__Exercise requirements__
Return the data below exactly, please, but drop the pictures.

__Dataset content__
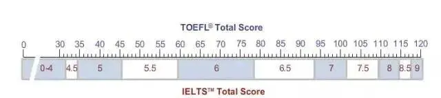 托福雅思分数对照表
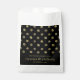 Estes sacos de presentes são perfeitos para qualquer casal planejando uma festa de casamento de moda. O design apresenta um fundo de bolinhas na moda em preto e ouro com uma redação de ouro editável correspondente. O design simples pode ser personalizado para se adequar ao seu evento especial e será o saco de presentes/favores perfeito para qualquer festa temática moderna, incluindo chás de panela, noivados, chás de casamento, festas de aniversário e muito, muito mais.
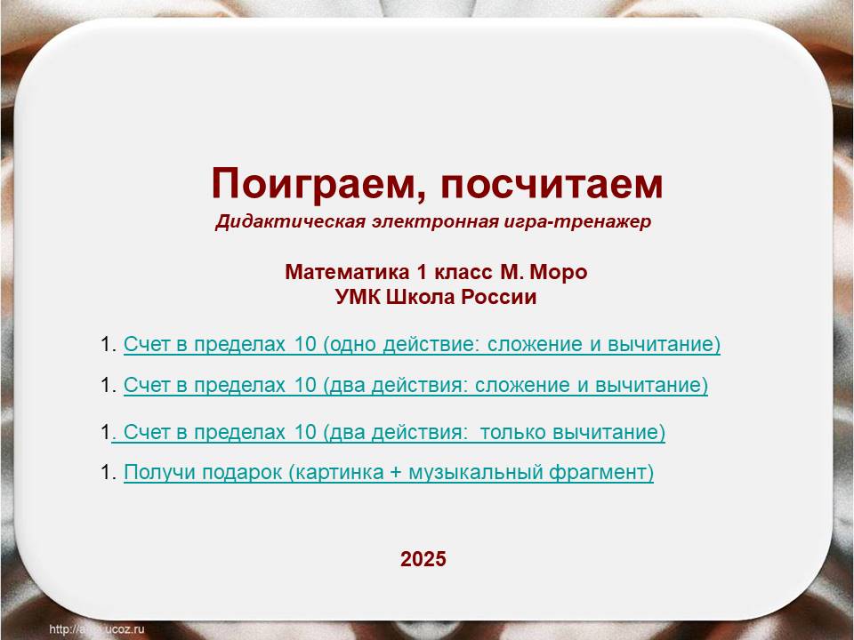 Дидактическая электронная игра-тренажер "Поиграем, посчитаем" Плотникова Наталия Валентиновна, учитель Разделы: Математика Класс: 1 Ключевые слова: математика, УМК «Школа России», счет в пределах 10, интерактивные тренажеры для устного счёта Работа выполнена в форме презентации 12.11.2025

__Task result__
 托福雅思分数对照表
 Estes sacos de presentes são perfeitos para qualquer casal planejando uma festa de casamento de moda. O design apresenta um fundo de bolinhas na moda em preto e ouro com uma redação de ouro editável correspondente. O design simples pode ser personalizado para se adequar ao seu evento especial e será o saco de presentes/favores perfeito para qualquer festa temática moderna, incluindo chás de panela, noivados, chás de casamento, festas de aniversário e muito, muito mais.
 Дидактическая электронная игра-тренажер "Поиграем, посчитаем" Плотникова Наталия Валентиновна, учитель Разделы: Математика Класс: 1 Ключевые слова: математика, УМК «Школа России», счет в пределах 10, интерактивные тренажеры для устного счёта Работа выполнена в форме презентации 12.11.2025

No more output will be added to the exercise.